The tariff defines rates, terms and conditions for the WEIS market and sets the rules and obligations for market participants. It includes a market participant agreement effective on the date participants begin their WEIS involvement. The tariff will be administered separately from SPP’s tariff in the Eastern Interconnection.

WEIS market participants began parallel operations earlier in December, giving them a chance to test their systems and train staff in the market’s production environment.

SPP will launch the WEIS with eight members covering the Western Area Power Administration’s Colorado Missouri (WACM) and Upper Great Plains West balancing authority areas. SPP said in November that several of its WEIS market participants are evaluating full membership in the RTO.

SPP also serves as an RC for about 12% of the Western Interconnection. It will add about 3.45 GW of generating capacity to its RC footprint — eight generating resources that are part of Gridforce Energy Management’s BA in Washington, Oregon, Arizona and New Mexico — effective April 1, 2021. (See SPP Expands its Western RC Footprint.)

 SPP WEIS Tariff
SPP’s market footprints | SPP

Protests Rejected

Several intervenors protested the filing, including Xcel Energy-Colorado, Colorado Springs Utilities and Black Hills Energy, which plan to join CAISO’s Energy Imbalance Market (EIM).

Black Hills complained that its costs for energy imbalance service will significantly increase under the WEIS through the WACM BA, even though they are nonparticipants and that SPP did not conduct the kind of detailed cost-benefit analysis that was used to support CAISO’s EIM.

Filing jointly, Earthjustice, Natural Resources Defense Council, Sustainable FERC Project, Western Grid Group and Western Resource Advocates said SPP should allow them and other stakeholders to help develop a cost-benefit analysis.

The commission said a centralized imbalance market “can deliver significant benefits, including reliability benefits that are not easily quantified.”

“We do not find protesters’ arguments that SPP must demonstrate quantifiable net benefits persuasive. Although the commission carefully considers evidence of costs and benefits, it does not require a quantified cost-benefit analysis of proposals.”

FERC said SPP’s proposal to allocate costs based on net energy for load “reasonably reflects cost causation because net energy for load correlates to the size of the market.”

It rejected complaints that costs would be passed through to nonparticipants, saying there is “nothing in the WJDAs assesses costs to nonparticipants. To the extent WEIS market costs will be passed through to nonparticipants through other agreements, those agreements are not part of SPP’s filing and are not before the commission in the instant proceeding.”

The commission also rejected challenges to the SPP’s proposed governance structure, saying limiting voting rights to WJDA signatories “is reasonable because only WJDA signatories have made a financial commitment to the WEIS market.”

SPP provided ways for non-WJDA signatories to participate in open meetings, FERC said, noting the WMEC charter “is explicit in delineating that only portions of meetings voted as having a need for confidentiality by the WMEC will be closed to the public.”
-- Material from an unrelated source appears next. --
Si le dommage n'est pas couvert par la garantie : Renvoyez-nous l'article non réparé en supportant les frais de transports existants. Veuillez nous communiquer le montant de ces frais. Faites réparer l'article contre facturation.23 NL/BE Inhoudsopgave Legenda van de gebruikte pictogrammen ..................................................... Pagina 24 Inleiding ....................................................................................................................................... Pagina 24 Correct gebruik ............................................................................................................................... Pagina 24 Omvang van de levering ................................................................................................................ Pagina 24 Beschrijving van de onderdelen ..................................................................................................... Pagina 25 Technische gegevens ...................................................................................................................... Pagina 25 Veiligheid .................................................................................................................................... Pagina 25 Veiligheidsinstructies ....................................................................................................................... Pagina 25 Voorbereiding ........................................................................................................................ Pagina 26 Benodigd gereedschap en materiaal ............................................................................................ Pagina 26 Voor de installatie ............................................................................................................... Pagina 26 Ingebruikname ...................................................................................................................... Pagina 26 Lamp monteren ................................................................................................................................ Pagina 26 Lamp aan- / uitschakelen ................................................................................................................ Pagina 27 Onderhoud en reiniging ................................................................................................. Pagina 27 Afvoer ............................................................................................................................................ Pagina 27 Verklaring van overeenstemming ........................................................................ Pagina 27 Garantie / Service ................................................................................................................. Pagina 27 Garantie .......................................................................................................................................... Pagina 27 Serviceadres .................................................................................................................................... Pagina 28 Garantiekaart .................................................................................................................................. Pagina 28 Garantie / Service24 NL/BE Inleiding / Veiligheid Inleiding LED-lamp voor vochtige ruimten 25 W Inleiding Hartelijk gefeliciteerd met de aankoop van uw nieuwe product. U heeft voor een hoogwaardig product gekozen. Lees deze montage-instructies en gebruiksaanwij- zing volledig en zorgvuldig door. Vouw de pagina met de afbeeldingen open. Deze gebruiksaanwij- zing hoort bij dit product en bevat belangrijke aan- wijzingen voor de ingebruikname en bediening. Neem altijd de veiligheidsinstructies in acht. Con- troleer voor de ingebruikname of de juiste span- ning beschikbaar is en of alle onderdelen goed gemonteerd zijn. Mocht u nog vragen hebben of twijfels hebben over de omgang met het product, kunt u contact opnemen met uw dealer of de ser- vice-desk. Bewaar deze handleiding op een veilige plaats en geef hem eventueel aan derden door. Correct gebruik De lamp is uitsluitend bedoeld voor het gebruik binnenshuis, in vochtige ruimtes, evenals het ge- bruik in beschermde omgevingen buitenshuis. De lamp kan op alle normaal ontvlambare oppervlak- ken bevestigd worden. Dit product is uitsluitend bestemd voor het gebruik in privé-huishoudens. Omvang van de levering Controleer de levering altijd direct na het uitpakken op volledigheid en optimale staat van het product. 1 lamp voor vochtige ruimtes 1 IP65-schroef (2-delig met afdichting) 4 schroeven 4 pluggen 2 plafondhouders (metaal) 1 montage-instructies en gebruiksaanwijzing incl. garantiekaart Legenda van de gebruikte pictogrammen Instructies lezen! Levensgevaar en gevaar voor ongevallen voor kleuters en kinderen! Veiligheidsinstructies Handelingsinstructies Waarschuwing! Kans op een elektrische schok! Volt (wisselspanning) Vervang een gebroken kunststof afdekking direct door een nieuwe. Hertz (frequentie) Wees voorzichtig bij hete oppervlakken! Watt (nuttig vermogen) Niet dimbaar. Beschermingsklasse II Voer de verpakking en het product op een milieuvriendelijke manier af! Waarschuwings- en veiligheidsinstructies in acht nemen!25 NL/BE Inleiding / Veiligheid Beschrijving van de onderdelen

The commission said SPP’s market mitigation provisions are “largely structured like those in SPP’s Integrated Marketplace but with additional measures, including a more stringent set of mitigation thresholds and a provision to address structural systemwide market power.”

It also rejected challenges to SPP’s proposal to include marginal losses in dispatch and LMPs, saying it was “necessary to ensure least-cost dispatch and will minimize imbalance costs, provide prices that accurately reflect marginal costs and preserve resources’ incentives to follow dispatch.”
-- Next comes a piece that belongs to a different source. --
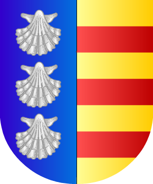 2.- Los Aymar traen: Escudo cortado: 1º, de gules, un monte de oro, y 2º, de plata, cuatro fajas ondeadas de azur.

SPP’s proposal to activate constraints to incentivize supply adequacy and prevent market participants from leaning on others was responsive to the commission’s July order, FERC said.

It also rejected a protest over SPP’s modeling of transmission availability, saying “if nonparticipants do not voluntarily offer their transmission for use in the WEIS market, the constraint enforced in [security-constrained economic dispatch] will not allow the WEIS market dispatch to utilize the nonparticipants’ transmission rights.”

Newly installed Commissioner Allison Clements did not participate in the proceeding.

Wind, Solar, EE, CO2 Storage Win Tax Breaks

Wind and solar generation, energy efficiency and carbon capture all won tax break extensions in an energy bill included in the massive stimulus and budget bill approved by Congress Monday night.

While far from the ambitions of the Green New Deal, the Energy Act of 2020 includes several measures to address climate change, including an agreement to phase out the use of hydrofluorocarbons used in air conditioning and refrigeration. That puts the U.S. in line with other nations whose efforts could help avoid as much as a half-degree Celsius in global warming by the end of the century. The bill also includes a “sense of Congress” statement that the Energy Department prioritize funding for research to transition to 100% “clean, renewable or zero-emission energy sources.”

The bill includes a two-year extension of the investment tax credit (ITC) used by solar power generators (keeping the ITC at 26% through year-end 2022 instead of falling to 22% in calendar year 2021), a one-year extender for the production tax credit (PTC) used by wind developers and a new 30% ITC for offshore wind projects that commence construction by the end of 2025.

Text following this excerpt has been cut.